Based on the principles articulated in the cases it cited, the tribunal found that FNB’s submission that YR was dishonest, because he intentionally misled the bank and its clients into believing he was busy on his phones, could not be sustained.

Its view that YR’s conduct did not involve dishonesty was “fortified” by the fact that YR did not know this practice was not allowed, because it was common practice among private bankers in his team and the manager was aware of it but had never warned them it was not allowed.

YR also contended that FNB incurred no monetary loss, because he was servicing his own portfolio of private clients when his business phones were artificially busy.

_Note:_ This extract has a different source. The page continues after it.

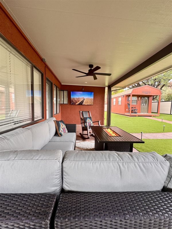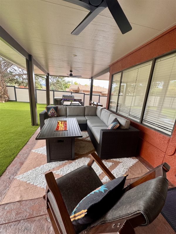 Outdoor: 2 Separate Patios: Front Patio with Seating, Covered Back Patio with Propane Firetable, Propane BBQ Grill, Wine Fridge, Large 65" Smart Flat Screen TV, Outdoor Seating, Stunning Scenic Red Rock Views, Fully Fenced Yard with Privacy Fence, Astroturf, and Cornhole Game. **Note the backyard She-Shed is not for use/locked off**

Representative’s submissions must be considered

YR also objected to his debarment on procedural grounds, saying FNB had not stated the period for which he would be debarred.

The FST said there was “a far more serious omission” from the debarment notice: YR’s representations in response to FNB’s notice of intention to debar him were not included in the record of the decision and were not referred to in the debarment notice.

FNB’s counsel contended that the fact that the representations were not referred to simply meant that they were considered but rejected.

When asked why this would not be recorded in the debarment notice, if it were true, FNB argued that FSPs are required only to provide reasons for debarment and not to write fully reasoned judgments like courts.

The FST said FNB’s submissions were without merit.

“Failure to refer to the representations is indicative of FNB failure to consider those representations. In view of the applicant’s reliance on the settlement as having superseded the findings of the disciplinary inquiry and the dismissal, it would have been expected of FNB to address this issue by stating why it considered the settlement agreement irrelevant to the debarment inquiry – if that be its view.”

The FST said the debarment notice was liable to be set aside on review in terms of paragraph 6(2)(e)(iii) of the Promotion of Administrative Justice Act: a court or tribunal has the power to review an administrative action if the action was taken because irrelevant considerations were taken into account or relevant considerations were not considered.

The tribunal set aside YR’s debarment for substantive and procedural reasons.